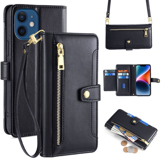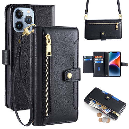 New Cross Body Zipper Wallet Leather Phone Case for iPhone
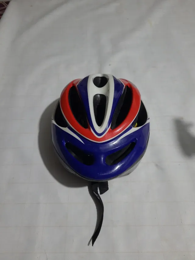 Casco de protección para niños con un diseño deportivo y llamativo. - Colores: azul, rojo y blanco. - Diseño ventilado con múltiples aberturas.
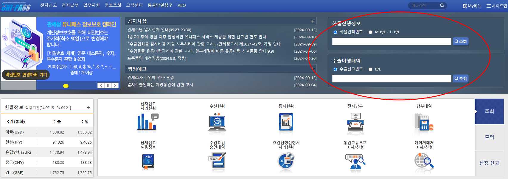 1) 관세청 유니패스 관세종합정보시스템 서비스에 접속합니다.
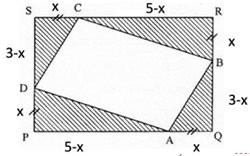 Diketahui persegi panjang PQRS seperti pada gambar dengan panjang 5 cm dan lebar 3 cm. Agar luas ABCD mencapai nilai minimum, luas daerah yang diarsir adalah....
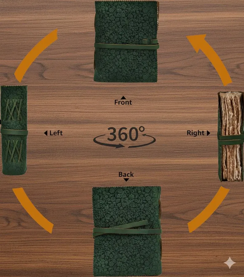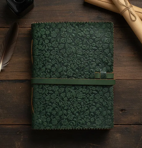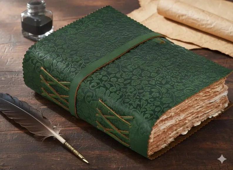Diario de Tapa Dura de Cuero con Grabado Floral Verde, Cuaderno Hecho a Mano con Borde Rústico, Papel Libre de Ácido, Diseño Rústico Vintage

## [WORK ITEM]
An exact copy is needed of every line from the one holding "Casco de protección" to the end of the entries above, both ends kept and each picture dropped.

## [TASK SOLUTION]
 Casco de protección para niños con un diseño deportivo y llamativo. - Colores: azul, rojo y blanco. - Diseño ventilado con múltiples aberturas.
 1) 관세청 유니패스 관세종합정보시스템 서비스에 접속합니다.
 Diketahui persegi panjang PQRS seperti pada gambar dengan panjang 5 cm dan lebar 3 cm. Agar luas ABCD mencapai nilai minimum, luas daerah yang diarsir adalah....
Diario de Tapa Dura de Cuero con Grabado Floral Verde, Cuaderno Hecho a Mano con Borde Rústico, Papel Libre de Ácido, Diseño Rústico Vintage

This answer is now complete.